Legal education was not made to teach to the bar but teach practical skills and experiences to be a lawyer. But the bar exam makes legal education all about being better test takers than better lawyers. The bar fails to test the competence of law students. One student wrote that “[t]he skills of a great lawyer cannot be measured by a written exam.” It is counter-intuitive to teach to pass the bar but not develop the skills to be an attorney. Students have made it clear that despite a diminishing bar passage rate, law schools must not throw the baby out with the bath water and should continue to train lawyers not just teach to the bar.
6. Reforming the Bar
I have heard that the bar is a bar of competence. But if it is of competence, I hope you ponder this point. If U.S. Senator Kamala Harris, former Dean of Stanford Law School Kathleen Sullivan, and two California Governors Jerry Brown and Pete Wilson could not pass on their first try but were widely successful as California’s attorney general, a top law school dean, and governors of our great state, what does that say of the bar? Indeed, a student pointed out that “a timed test where one is required to memorize rules in and pull them out of one’s head in the timed environment [is] something that no competent attorney would ever do when representing a client.” Another agreed stating that the “the practice of law is not shotgun decision-making or racehorse exams.”

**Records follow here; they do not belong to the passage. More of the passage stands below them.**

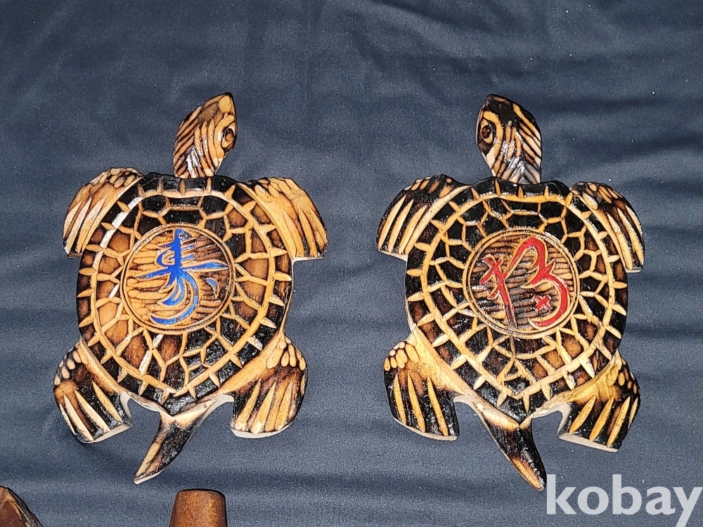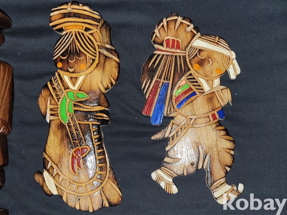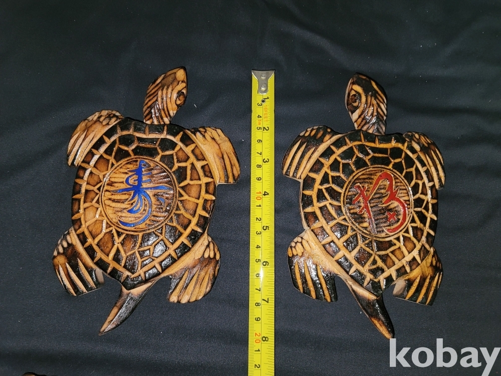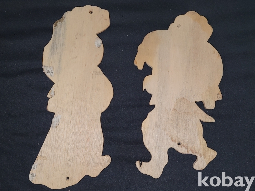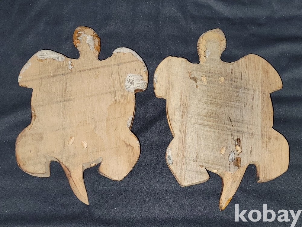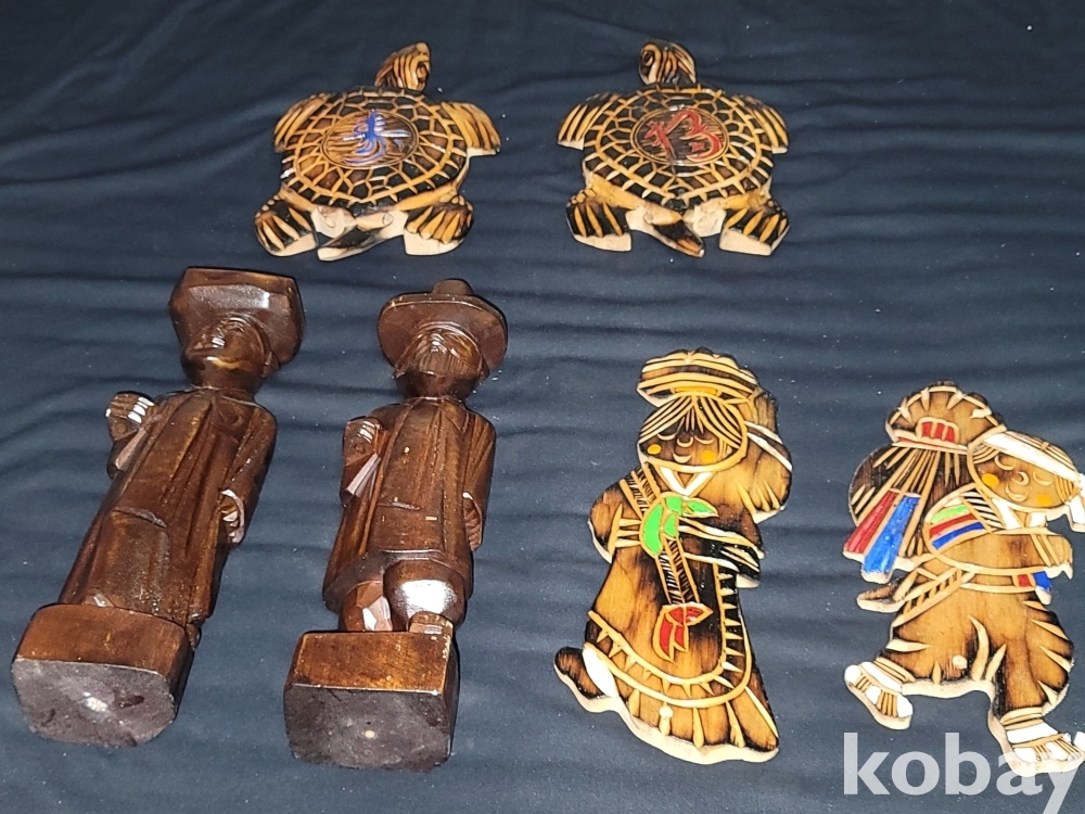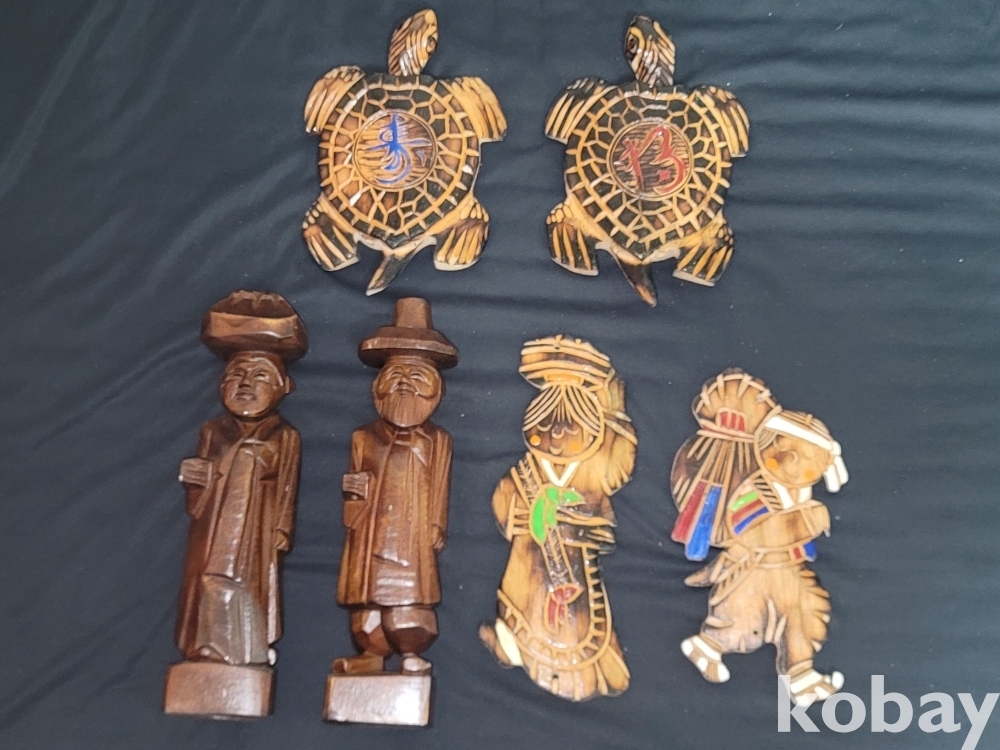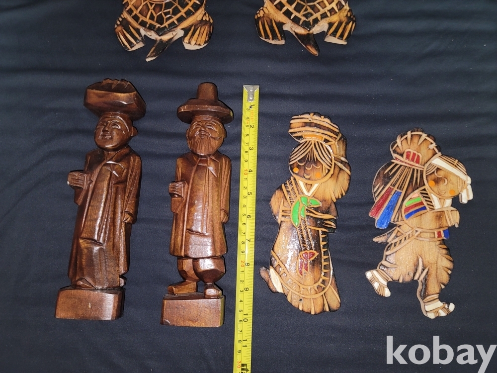 빈티지 노부부, 거북이 등 각종 나무 조각상 장식 민속품 일괄입니다.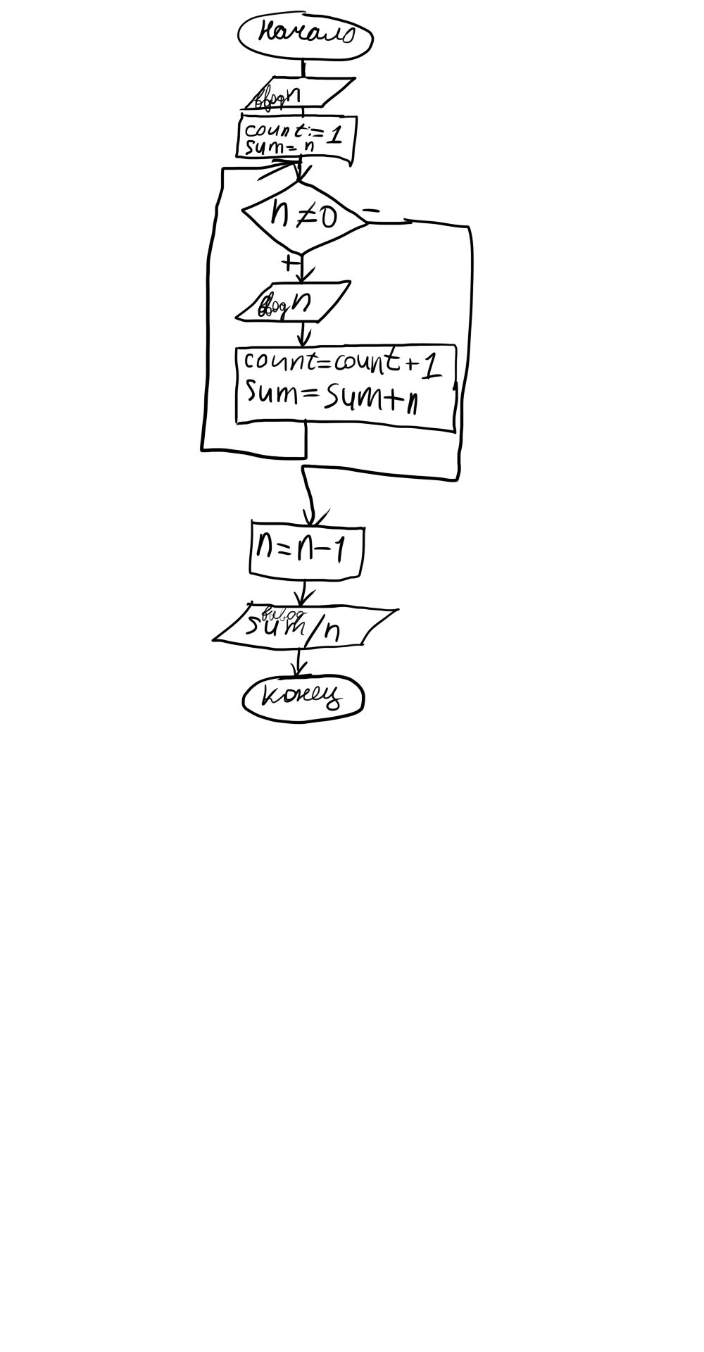 Алгоритм в виде блок схемы для нахождения среднего арифметического в последовательности чисел, которая заканчивается нулем. Ноль не считать.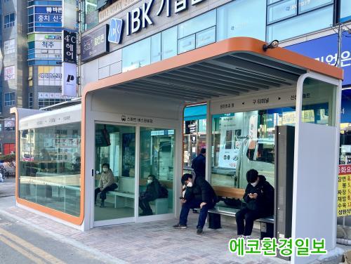 [¿¡ÄÚȯ°æÀϺ¸=ÀÌÀçö ±âÀÚ] ´çÁø½Ã°¡ ¹Ì¼¼¸ÕÁö, ÇÑÆÄ, ÀÚµ¿Â÷ ¹è±â°¡½º µîÀ» ÇÇÇØ ÄèÀûÇѠȯ°æ¿¡¼­ ¹ö½º¸¦ ±â´Ù¸± ¼ö Àִ ½º¸¶Æ® ½Â°­ÀåÀ» ±¸Å͹̳ΠȸÀü±³Â÷·Î ºÎ±Ù¿¡ ¼³Ä¡Çϰí 3ÀÏ Áذø½ÄÀ» ÁøÇàÇß´Ù.
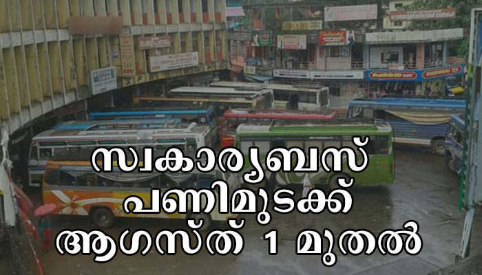 കൊച്ചി: ശനിയാഴ്ച മുതല് സ്വകാര്യബസുകള് സര്വീസ് നിര്ത്തിവയ്ക്കും. 9000ഓളം ബസുകളാണ് അനിശ്ചിതകാലത്തേക്ക് നിരത്തില്നിന്ന് ഒഴിയുന്നതായി കാണിച്ച് സര്ക്കാരിന് ജിഫോം നല്കിയത്. ശരാശരി 25,000 രൂപ കലക്ഷന് ഉണ്ടായിരുന്ന ഒരു ബസിന് യാത്രക്കാരുടെ കുറവും ഇന്ധനച്ചെലവും കാരണം ഇപ്പോള് 3000 രൂപയോളം പ്രതിദിന നഷ്ടമാണ്. ഈ രീതിയില് പിടിച്ചുനില്ക്കാനാവാത്തതുകൊണ്ടാണ് ബസുകള് സര്വീസ് നിര്ത്തുന്നത്.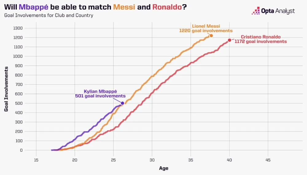 Mbappé dĩ nhiên còn cách xa cả hai, cả về thời gian thi đấu lẫn tổng số bàn thắng. Tuy nhiên, 501 lần tham gia bàn thắng của anh ở tuổi 26 năm và 61 ngày nhiều hơn so với những gì Messi và Ronaldo đạt được ở cùng độ tuổi tại các câu lạc bộ hàng đầu và đội tuyển quốc gia.
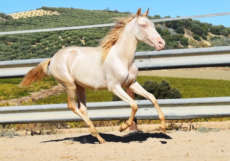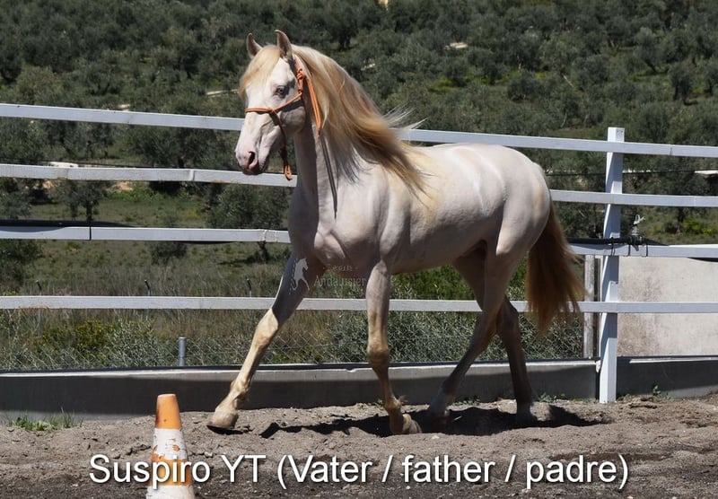 Sweet temperament, curious, affectionate, people-oriented, rough, outside with other foals, good movement and pedigree, unique color, PRE Perlino (CrCr) with papers, Piro + Arteritis negative. Pedigree includes Alquilino Moya, Yeguada el Bayo, Señoria de Bariain, Bohorquez. Great-grandfather Redondo VII and great-great-grandfather Gaucho III are qualified. www.elegante-andalusier.com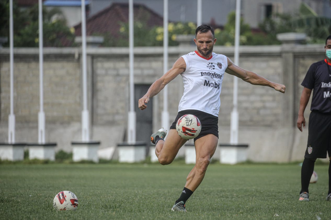 BALI – Penyerang Bali United, Ilija Spasojevic menyusul rekannya Nadeo Arga Winata dan Kadek Agung Widnyana Putra menuju pemusatan latihan Timnas Indonesia.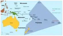 Les îles polynésiennes sont dispersées dans un triangle couvrant la région centre-est de l’océan Pacifique. Le triangle est délimité par les îles Hawaï au nord, la Nouvelle-Zélande à l'ouest et l'île de Pâques à l'est. Le reste de la Polynésie comprend les îles Samoa (Samoa américaines et Samoa (anciennement Samoa occidentales) ; les Îles Cook ; la Polynésie française (l'archipel de la Société à Tahiti, les îles Marquises, les îles Australes et les Tuamotu) ; l'île de Niue ; Tokelau et Tuvalu ; Tonga ; Wallis-et-Futuna ; Rotuma ; l'île Pitcairn ; Nukuoro ; et Kapingamarangi[48].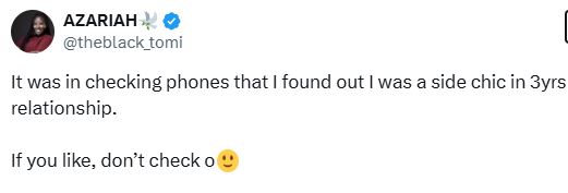 “It was in checking phones that I found out I was a side chick in 3yrs relationship. If you like, don’t check o,” Tomi wrote.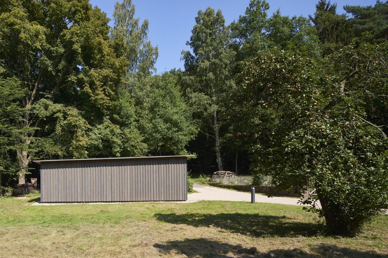 Das neue Garagengebäude ist als einfacher, flacher, und scharf konturierter Holzkubus ausgeführt und so positioniert, dass die Zufahrt räumlich gefasst wird, das Bestandsgebäude jeodch nach wie vor frei in der Wiesenlandschaft stehend zur Geltung kommt.

The white paper makes it clear: a lower threshold on the bar exam means a higher bar pass rate. But a lower threshold, as one student puts it, also means less students putting their life on hold for another six months to retake the bar. Less students who are unable to pay back their loans. Less students who are unable to be lawyers.
A lower threshold on the bar exam would also be life changing. In response to failing the bar, a UC Hastings student committed suicide. So, I ask, could this student have been here today if the state bar had lowered its threshold? Possibly.
I leave you with this last quote: The UC Hastings Deans wrote a letter soon after learning about the suicide of the student, writing: “But that is not the only story we need to tell, nor to hear. We need to hear that how we score on an exam is not a measure of our potential as a lawyer, much less our worth as a person.”
In recent times, the public has realized the importance of lawyers. There are many good law students in California. There can also be just as many good lawyers. And that starts with changing the arbitrary standards of the bar examination. I urge you to take action.
Thank you.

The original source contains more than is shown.